Valentin : D’abord par contrainte de temps. J’avais mon film à côté, et je me suis dit que si je faisais de la couleur ça allait être compliqué, que j’allais avoir du mal à tout faire. Donc je me suis dit que j’allais me concentrer sur le noir et blanc pour ce premier livre, et que je garderai la couleur pour le prochain. Ça m’a permis d’aller à fond dans le noir et blanc, de voir ce que je pouvais en tirer, et d’essayer de retranscrire des atmosphères.
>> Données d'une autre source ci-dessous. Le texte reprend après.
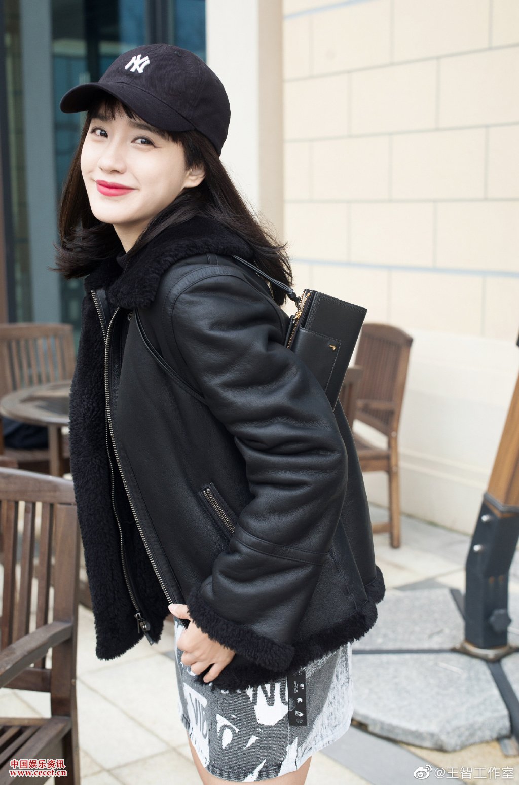王智皮衣配半身裙出街 隨性清爽又顯腿長(cháng)

J’en suis très content, le propos se fait en nuance de gris et ça apporte quelque chose d’un peu sombre. Je trouve que ça convient bien au propos. Mais c’est vrai que ça s’est un peu fait par nécessité. Et puis quand on en a parlé on s’était dit que ce serait cool de faire un truc en noir et blanc, et franchement moi je suis j’y suis allé à fond (rire).

Ugo Bienvenu [L’un des éditeurs de Réalistes, lire son interview ici] : Par ailleurs on t’a découvert sur ton trait donc on s’était dit que ce serait cool que tu pousses ça au maximum.

Valentin : Oui c’était surtout sur mon trait qu’on avait discuté à la base et ça m’a permis de travailler là-dessus. 

Quels sont tes outils ?

Valentin : Sur cette bande dessinée, j’ai bossé à la plume et à l’encre, j’ai pas mal cassé de plumes (rire). J’ai dû changer pas mal, c’était un peu avec ce que je trouvais. J’ai aussi parfois travaillé au pinceau pour remplir, etc. C’est un truc que je faisais déjà quand j’étais petit donc c’était un peu un retour aux sources, c’était assez rigolo.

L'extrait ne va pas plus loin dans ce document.